Rocco Salvatore Pranno (December 18, 1916 – July 1979) was an American mobster and member of the Chicago Outfit who operated on the city's West Side.

Born in Stone Park, Illinois, Pranno's criminal record stretched back to 1934 and included charges of armed robbery, extortion, murder and bombing. Pranno served one year in prison for assault and battery, at the Joliet Prison, in Joliet, Illinois. He was later convicted of conspiracy and extortion and sentenced to 15-years imprisonment in Leavenworth Federal Penitentiary, in Leavenworth, Kansas.
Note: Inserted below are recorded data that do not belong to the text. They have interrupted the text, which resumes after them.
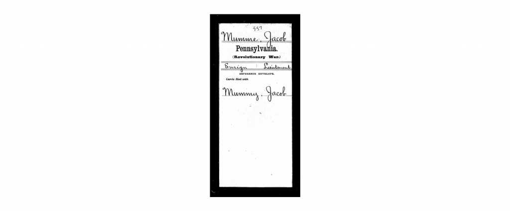 Samuel’s son John Jacob Moomey fought in the American Revolution. Below is an image of his service record cover page held in the national archives:
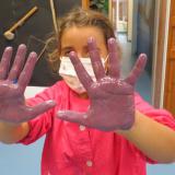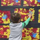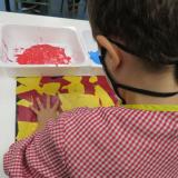 Els conceptes “esquerra” i “dreta” són molt importants per assolir correctament l’aprenentatge de la lectura i l’escriptura. A primer tornem a treballar aquests conceptes. Fem una bossa per guardar les pintures i els dibuixos, en la qual primer estripen i enganxen el paper, i després i estampen les mans.
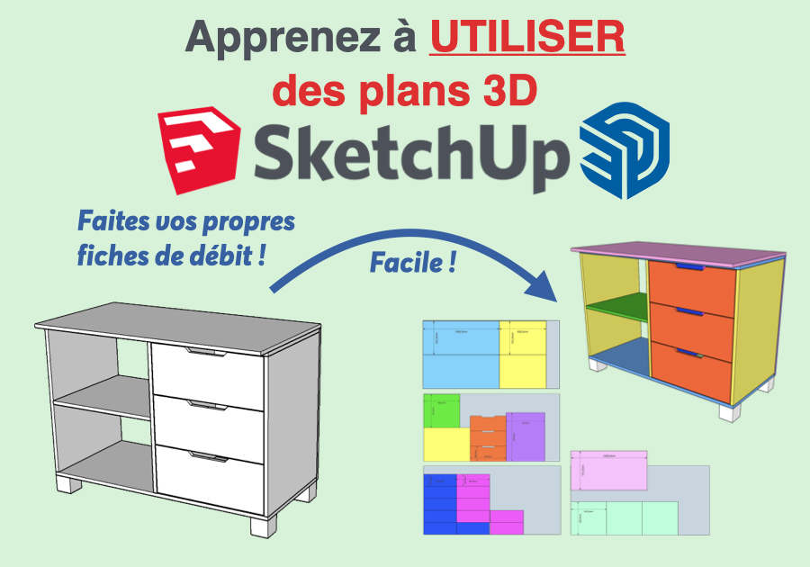 Cette formation vous est adéquate si vous avez envie de faire vos premiers pas dans le monde du 3D. Je ne parlerai d’aucune extension SketchUp qu’il existe pour réaliser des fiches de débit (tel que OpenCutList créé par Boris Beaulant et Martin Müller). Selon moi, si vous vous intéressez à ces plugins c’est que vous maitrisez déjà d’avantage l’application. De plus, il existe de nombreux tutoriels et explications concernant ces plugins.
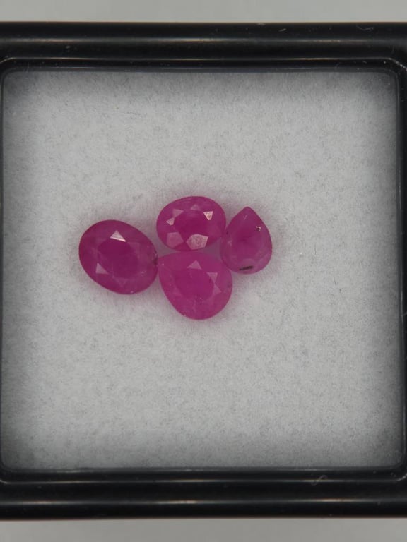 NATURAL RUBY PARCEL – 1.585CT (4 STONES), MIXED CUTS A Parcel Of Four Natural Rubies With A Combined Weight Of 1.585Ct. Stones Display A Vivid Pinkish-Red Colour, Cut In Mixed Oval And Pear Shapes (~5 × 4 Mm Avg.). Translucent Clarity With Visible Inclusions, Showing Evidence Of Common Heat Treatment. Report #352898, Issued By Certauth On 15/8/2025, Lists An Estimated Valuation Of Usd $400.00 Valuations Provided by an Independent Third-Party Professional Not Directly Associated With Lloyds Auctions at AUD $400USDThis valuation has been conducted by an independent third-party professional. The valuation amount is an assessment by the issuing valuer and does not reflect the auction value of the item. Any inquiries regarding the valuation should be directed to the issuing valuer (refer to contact details on the certificate), as Lloyds Auctions has no affiliation or influence over the valuation, the valuer, or the stated amount. Condition: Good - Refer Images 0488264+352898
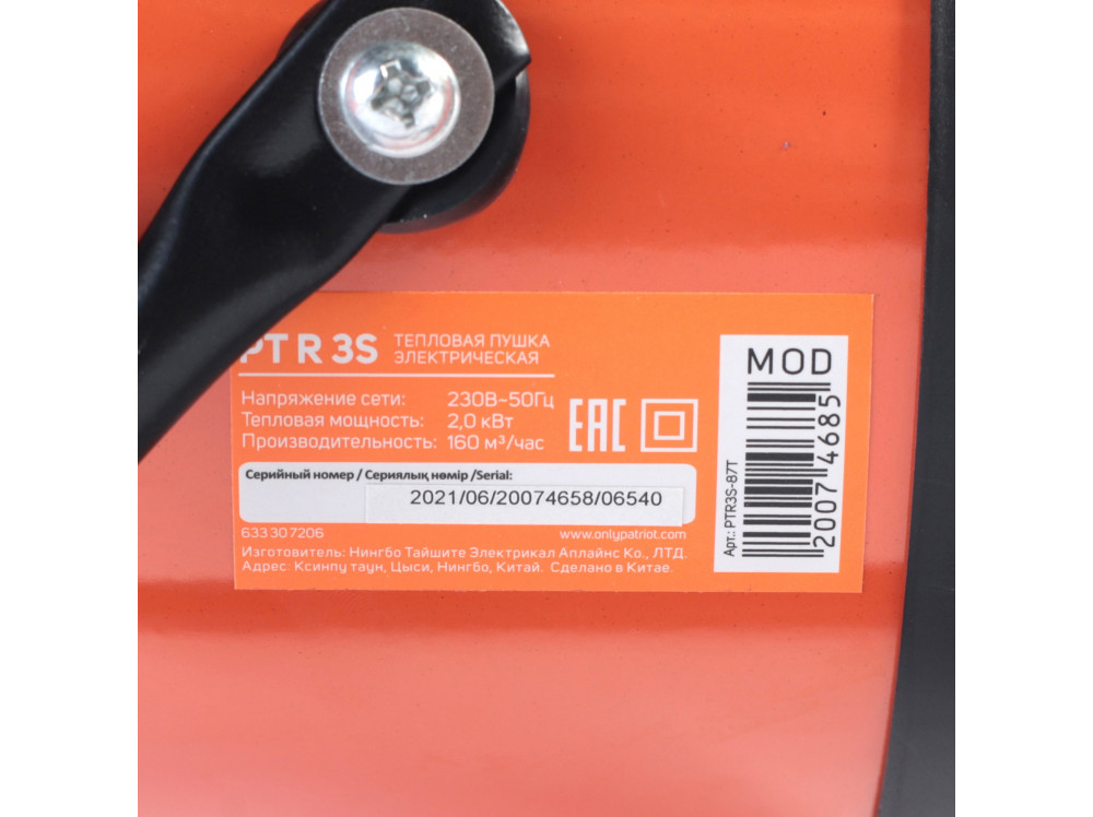 Пушка тепловая электрическая PATRIOT 2000 Вт с терморегулятором PTR 3S
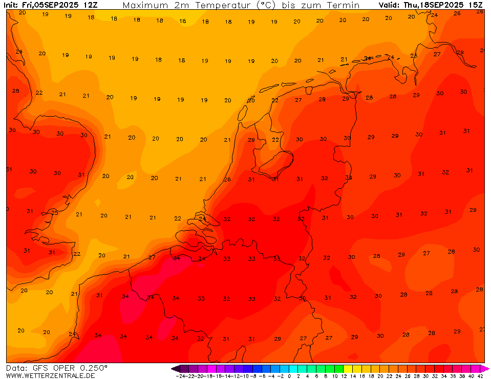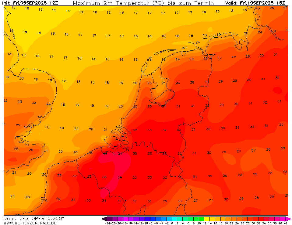 Voor vandaag zaten de laatste 14 opers gemiddeld 2,5 °C te hoog.
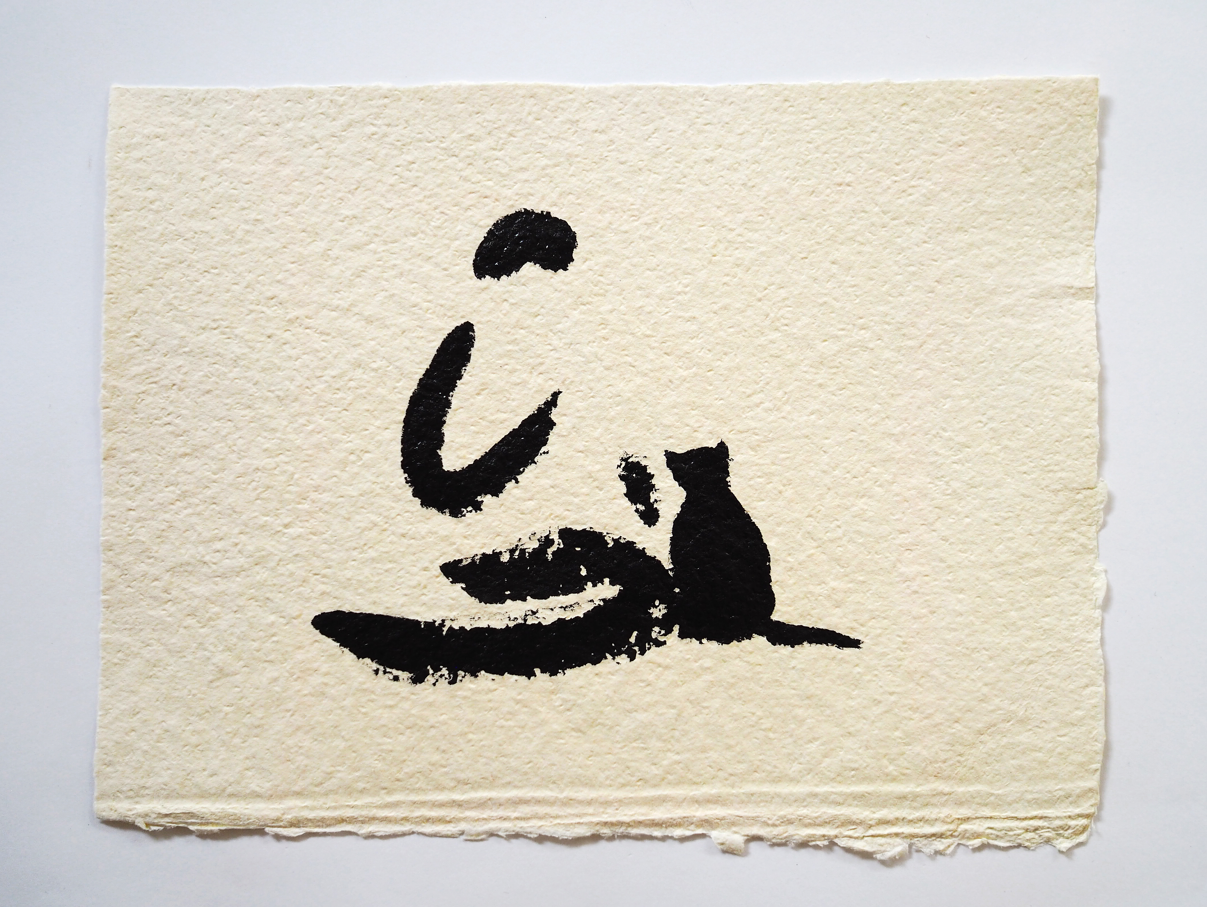 9 Talking to the cat 2025 Ink on Fabriano handmade cotton rag paper 25 x 31 cm <back to Xmas calendar
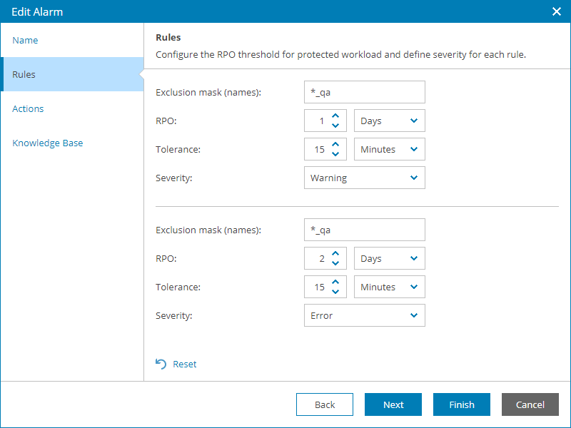 At the Rules step of the wizard, specify conditions according to which the alarm must be triggered. Options available for alarm rules vary for different alarms. Depending on the alarm type, you may need to modify alarm thresholds, alarm tolerance, alarm severity and so on.
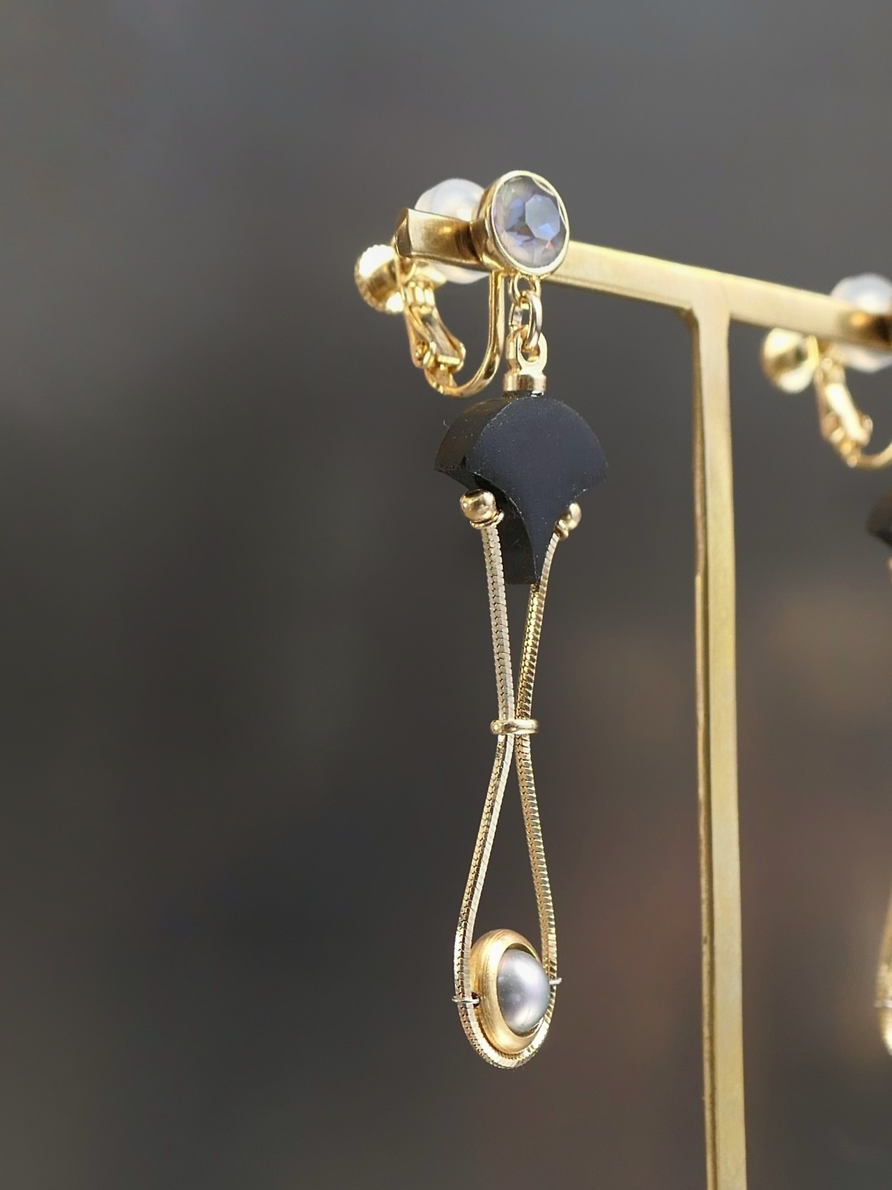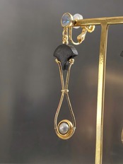 木や天然石、硝子を組み合わせたイヤーアクセサリーです。
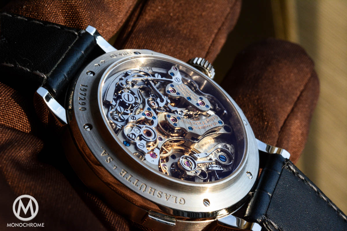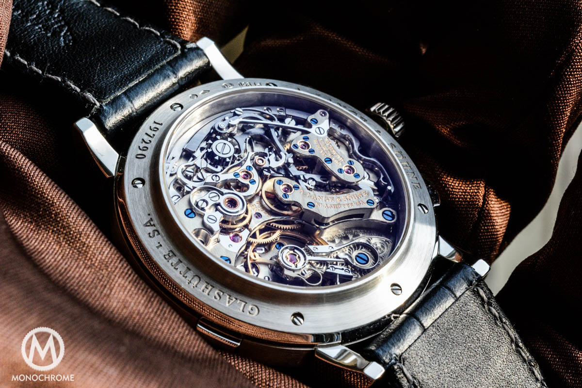 The case-back, with sapphire crystal, protrudes so there’s enough space for the tremendously beautiful “landscape” of bridges, levers and cams. It looks like this sapphire crystal has also been treated with anti-reflective coating, and when looking at the movement you often get the feeling there’s no crystal at all.
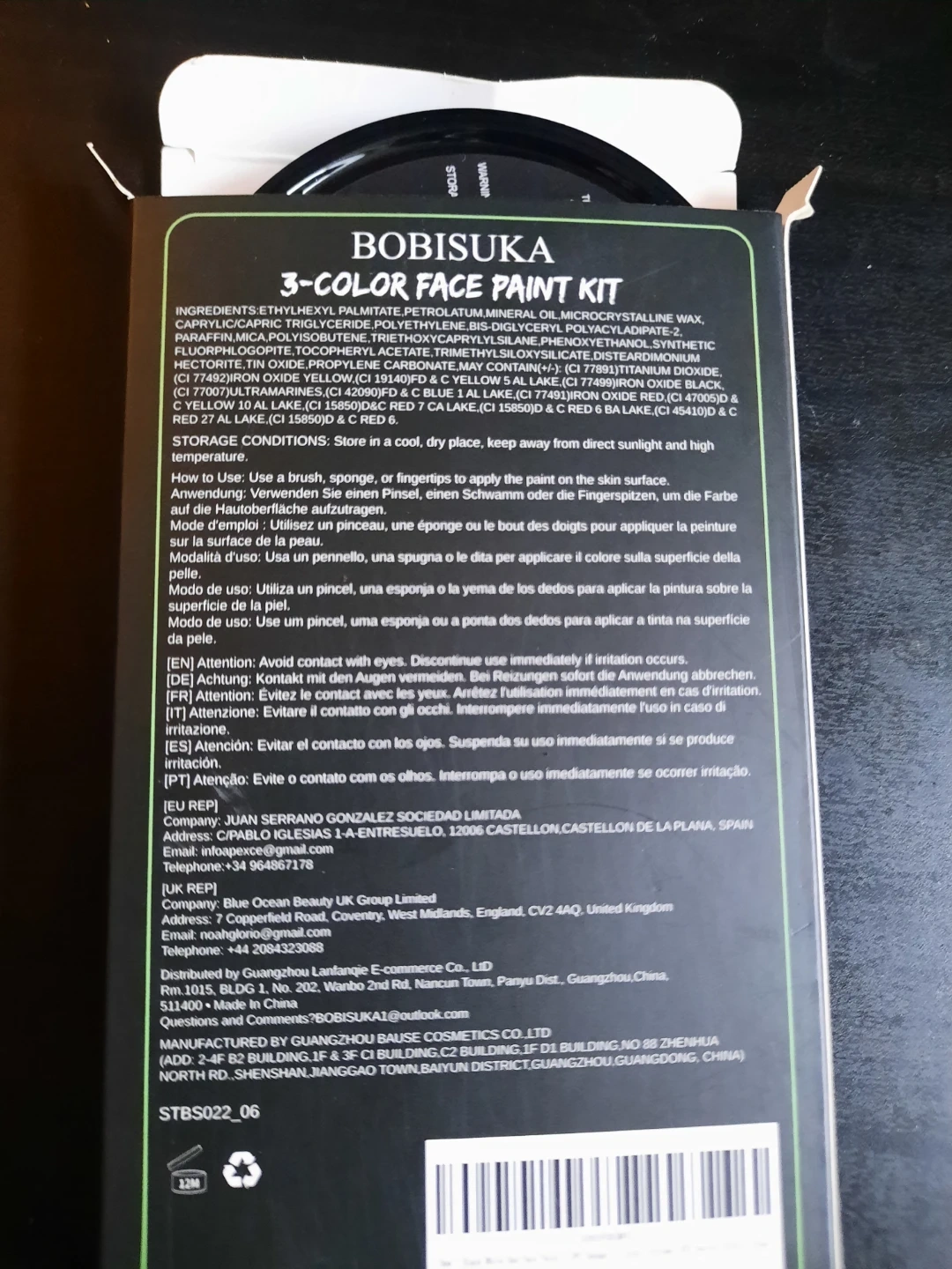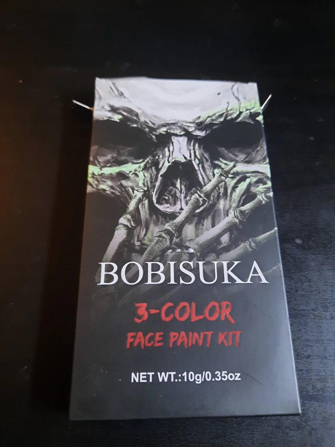 This Bobisuka 3-Color Face Paint Kit contains black, white, and red shades. Net weight is 10g/0.35oz. For external use only. Open box, unused. Selling because i missed the return date.
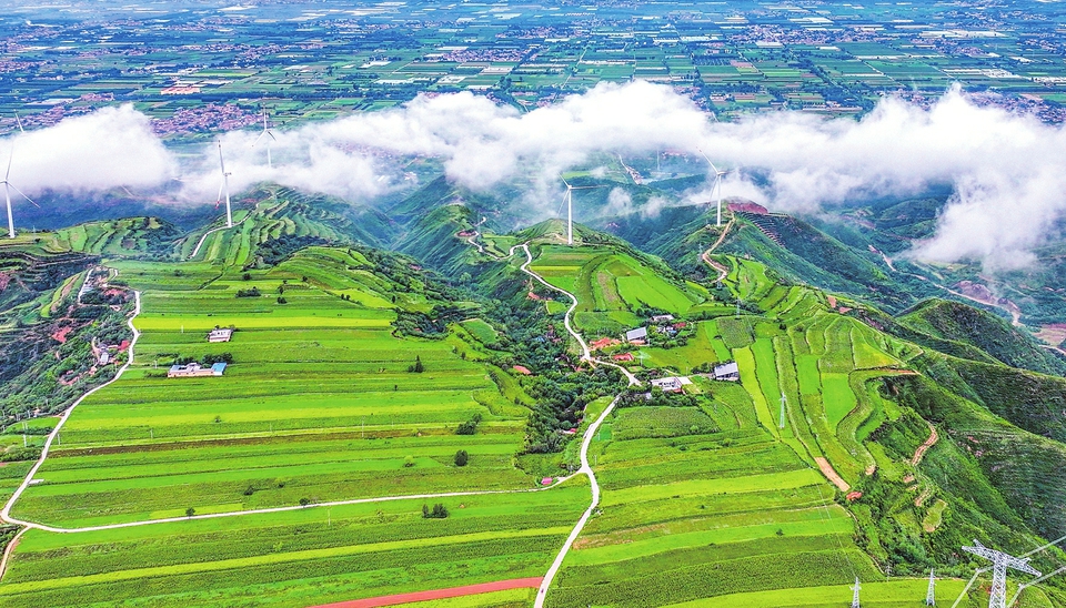 9月4日,俯瞰夏县瑶峰镇大山深处,云雾氤氲,一座座风机叶片迎风转动,层层叠叠的梯田宛如黄绿色的地毯铺展开来,民居点缀其间,构成一幅充满诗意的秋日画卷。(姚中吉摄)
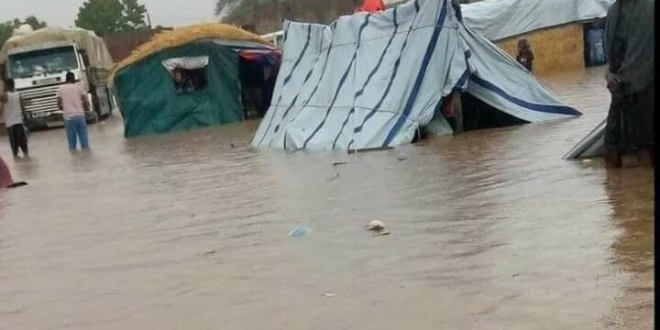 وأشارت اللجنة إلى أن مياه الأمطار غمرت مناطق الإيواء، ما أدى إلى تدمير الخيام والمأوى الهش الذي يحتمي به النازحون الذين يعانون من نقص الغذاء وانتشار الأمراض نتيجة الظروف الصحية المتردية.
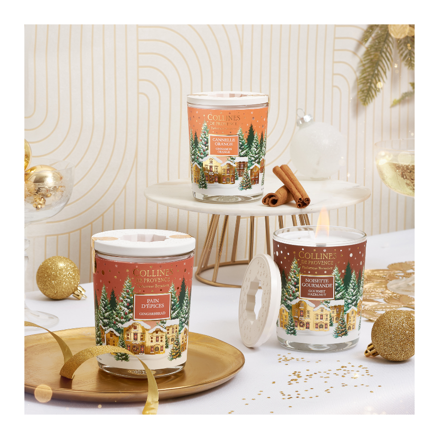 Discover the new Noël Noisette Gourmande scented candle, crafted in our Haute Provence workshops: Hand-poured candle Grasse fragrance Wooden wick that crackles like a fireplace Ceramic cap with lantern design Sparkling Christmas village
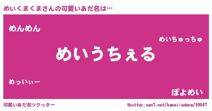 | 男性向けラノベタイトル風あだ名 | 『Re:めいくまくまから始める異世界生活』 |
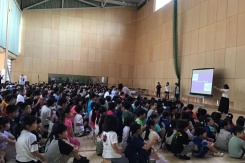 全校集会の後に6年生が1~5年生に向けてカルチャープロジェクトのチームプレゼンを行いました。
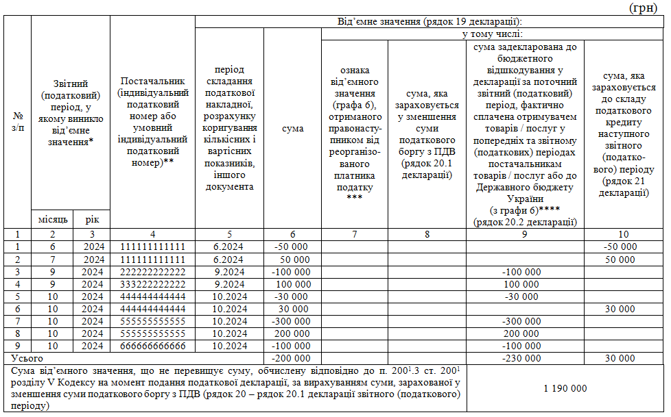 • щодо рядка 5 таблиці 1 додатка 2 до декларації (постачальник з індивідуальним податковим номером 444444444444) — суму від’ємного значення у розмірі 30 000 грн в повному обсязі зараховуйте до складу податкового кредиту наступного звітного (податкового) періоду (рядок 21 декларації);

The pace of development then picked up, with more than half of the area's housing stock constructed during the 1950s. Its size and poverty also made Stone Park vulnerable to organized crime, for which it became notorious. Local lore suggests that Al Capone ran a brewery here during Prohibition, while the hometown boy and gangland criminal Rocco Pranno made Stone Park his base in the 1960s. For a time Pranno's brother controlled all political offices in the town, while Pranno himself ran a crime syndicate from his office table at the Club D'Or on North Mannheim Road. Since the 1960s, Stone Park has transcended its gangland image.

In 2022, Rocco Pranno's grandniece released the novel, The Lemon Tree Girl (Sabrina Austen Scott, author). Told from the viewpoint of a younger sister, the book contains fictionalized accounts of events in Pranno's life including the Kiddieland heist and racketeering operations.